“破了!”马小玲见凹坑越来越深,眼瞅着就要到达极限破开,情不自禁地叫出了声。只可惜,就在这时,火球后劲不足,再也挤不动,反倒被光柱给吞噬了。
“哎呀,好可惜!”马小玲失望地说道。
林靖却只微微一笑,先前对抗秦三结界之时,他便已领悟破除结界的方法:以点破面。
无痕师伯布下的结界封印结界虽强,但终究有极限,林靖只需揪住一点,在转瞬间使出最强一击,便可打破结界。
他故技重施,一颗火球重新出现,紧接着,他如法炮制,一连弄出七颗火球!
“林哥哥,你的元素控制力好强,只怕我爹爹也做不到!”马小玲见七颗火球颗颗悬浮在空中,动也不动,若没有强大的元素控制力,是绝对做不到的。
林靖额角沁出大滴汗珠,这八颗火球耗费了不少心力,他来不及擦拭汗珠,右掌猛地击出,火球连珠炮似地奔向光柱,接二连三地撞在第一颗火球击中的位置。
光柱仿佛被尖利锥子戳中的皮球,起初还能抵挡,但随即便被扎破了个口子,光柱瞬间消散。
马小玲欢呼雀跃,林靖同样意气风发,不过是几颗普通的火球,却能把无痕布下的结界打破,他自忖靠着天一真人教给的功法,虽然眼下功力大减,但单凭这几颗火球便可抵得上玉女嬉神术五重的弟子!
林靖隐约感到,相较于玉女嬉神术,天一真人传的内功心法配合火系功法更加强悍,倘若天一真人的功法来驱使体内异火,会达到怎样的高度?

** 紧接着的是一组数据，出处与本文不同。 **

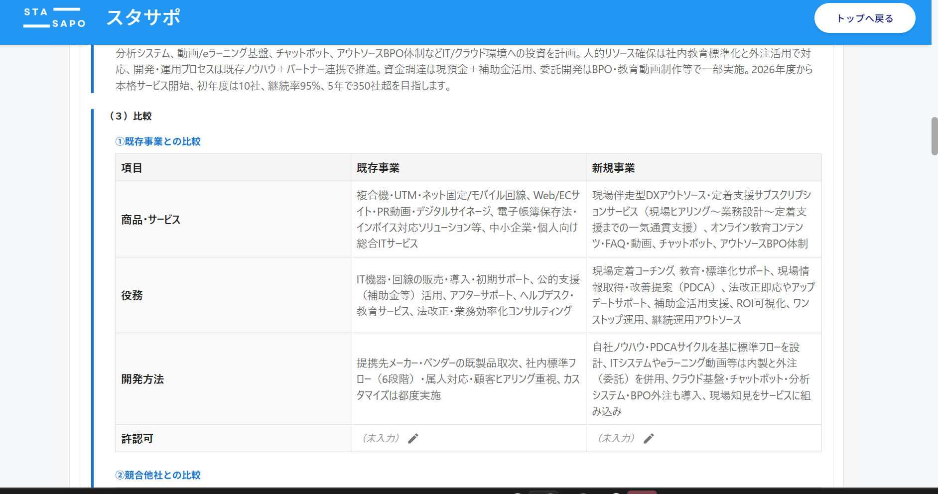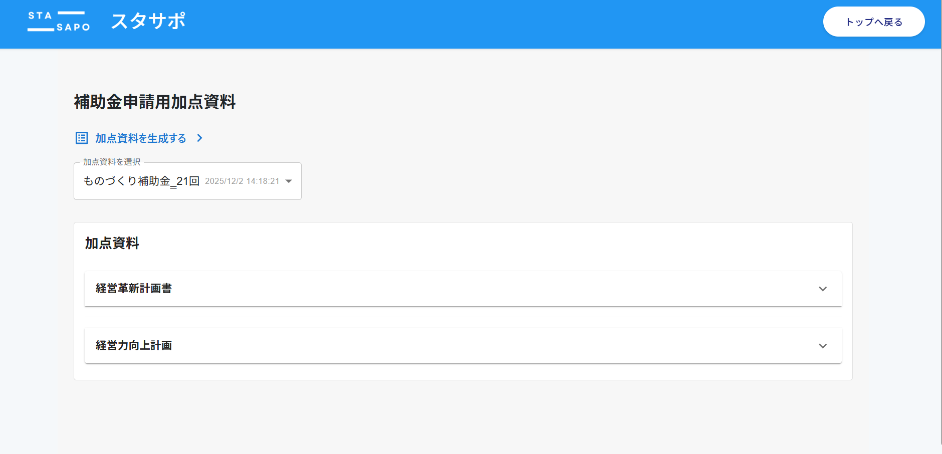 株式会社スタートアップサポーター(本社:東京都港区赤坂四丁目8-19-3階、代表取締役:小野昌男)は、経営革新計画書および経営力向上計画書の2種類の計画書を同時に約5分で作成できる新機能を、補助金申請支援サービス「スタサポ」に搭載し、本日、2025年12月2日にリリースいたしました。

先前,仅靠异火,便能将鹰吼打得狼狈不堪,若是再辅以天一真人的内功心法,那岂不是能够单挑击败鹰吼?
林靖兴奋不已,他恨不得立刻就掌控异火,只可惜他用尽各种方法,体内那颗乳白色的珠子依旧纹丝不动。
对此,林靖倒也不失落,大千世界,唯有他一人得到异火,除了上天注定,再无其他理由可以解释。既然自己是天选之人,那么总有一天,他会再次掌控异火,无需急于一时。
“浪大哥,小玲妹妹,我此行路途凶险,你们也并非茅山宗弟子,让你们和我一起犯险,实在不妥,不如你们先在附近寻个住处,等龙珠事了,我就来找你们。”林靖恨不得立刻赶到京城,与无痕等人汇合,他不愿阿浪和马小玲卷入其中。
阿浪自知面对林靖的敌人,自己手中长剑起不到半分作用,自然没有异议,但马小玲可不乐意了,说道:“林哥哥,你是嫌弃我拖你后腿了吗?这家......伙......他......”
马小玲原本想说阿浪才是那个没用、拖人后腿的家伙,但先前自己百般羞辱阿浪,后者却依旧冒着生命危险救护自己,这些话便再也说不出口了。
林靖本想坚持,忽然发现阿浪看向马小玲时,眼波里尽是温柔神色,与他之前刀头舔血的放荡不羁全然不同,瞬间明白他心意。
“浪大哥定是对小玲妹妹有意,若是他俩能在一起,岂不是天大的喜事!”阿浪和马小玲早已是林靖生命中最重要的人,他发自内心地希望阿浪和马小玲能够在一起,想要撮合他俩,于是不再坚持,三人一同前往京城。
一路上,马小玲还是忍不住戏弄阿浪,用各种方式刺激他,想让他离开,可后者总是微笑应对,也不多言语。
林靖没有传送符,只能徒步前往。一天下来,三人只行了一百多里路,林靖心急如焚,却丝毫没有表露。当天晚上,三人在一个小镇上歇脚,在阿浪和马小玲睡熟之后,他给二人留了个字条,让他俩沿路北上,自己先行离开。
夜深人静,林靖脚踩火球,足不点地,在漆黑的夜空化作一道红线,飞速前进。
林靖白天还可寻人问路,到了夜晚,却是路痴,他把心一横,无论面前是山是河,认准了东北方向,一路狂奔,足足行了3000多里路!
天刚刚破晓,林靖仍旧发足狂奔,他经过一片湖泊,本不打算驻足停步,但他无意中发现湖边堆满了死鱼死虾,足足堆了一人多高,密密麻麻,连绵数百米,情景可怖至极。
林靖眉头一皱,停了下来,捡起一条死鱼,见它眼球黑白分明、鱼鳞发亮,似是刚死不久,心中更加疑惑。
就在此时,湖面传来巨响,空中飞来几十个黑点,林靖定睛看去,竟是几十条鱼!